Il sangue circola nelle vene, dei tubi circolari che ci percorrono dal basso verso l’alto e si chiudono sempre anche loro, a ramo, nel cuore. Qui si uniscono e si mescolano. E riparte poi tutto, come un cerchio sapientemente disegnato.
Se apri un tubicino circolare, se apri una vena, il contenuto vola via sulla strada: il sangue schizza via, salta, si libera e dipinge le strade spente di un sabato sera milanese. Così come il compasso scivola veloce, così il sangue olea la pelle, i vestiti e cola dai marciapiedi fin giù nell’acqua grigiastra dei Navigli.
L’ambulanza arriva con la sua costellazione di luci blu, si ferma e rattoppa quel cerchio sanguinate. Due tre punti di sutura, una toppa di stoffa al tubicino che ora non spurga più, ma riprende il trantran secolare.
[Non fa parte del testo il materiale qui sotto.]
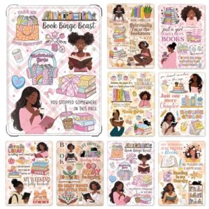 TAKEALOOKO カードストック用紙 Kindle用 – 8枚入り ブラックガール カラフルな読書テーマ バックカバー 挿入 装飾カード Kindle 電子書籍リーダー用 女性への本っぽいギフト 6.9インチx4.8インチ
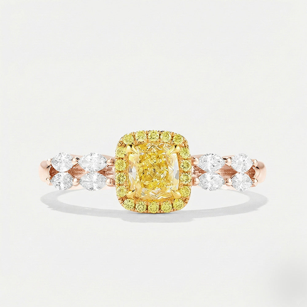 The use of the prong setting for both the halo and center stone ensures ultimate light reflection. The juxtaposition of colorless diamonds and fancy yellow diamonds creates a beautiful balance, making this piece truly versatile for daily and special occasions.

Su e giù dai muscoli per gettarsi nel cuore.
La geometria si applica molto bene anche ai sentimenti e agli amanti. Se qualcosa va storto, se c’è un più uno si parla di triangolo. Una forma acuta, tesa, spigolosa. Una situazione sentimentale altrettanto spigolosa e tesa.
Una famiglia è un quadrato, dove tutti i punti si guardano a vicenda. Guardando all’interno, proteggono quello spazio bianco con la schiena e si tendono le lunghe braccia magre.
Due amanti sono un cerchio. Un abbraccio è un cerchio di braccia e piedi. Armonioso, perfetto da cui non fuoriesce nulla perchè il cuore, il sangue è ben protetto. Chiuso dentro quel cerchio dal quale non vola via niente.
“You love me and then you hate me. I don’t know if this means something but it’s like a circle. Hate is love, isn’t it?”
Porta Genova, fermata Porta Genova.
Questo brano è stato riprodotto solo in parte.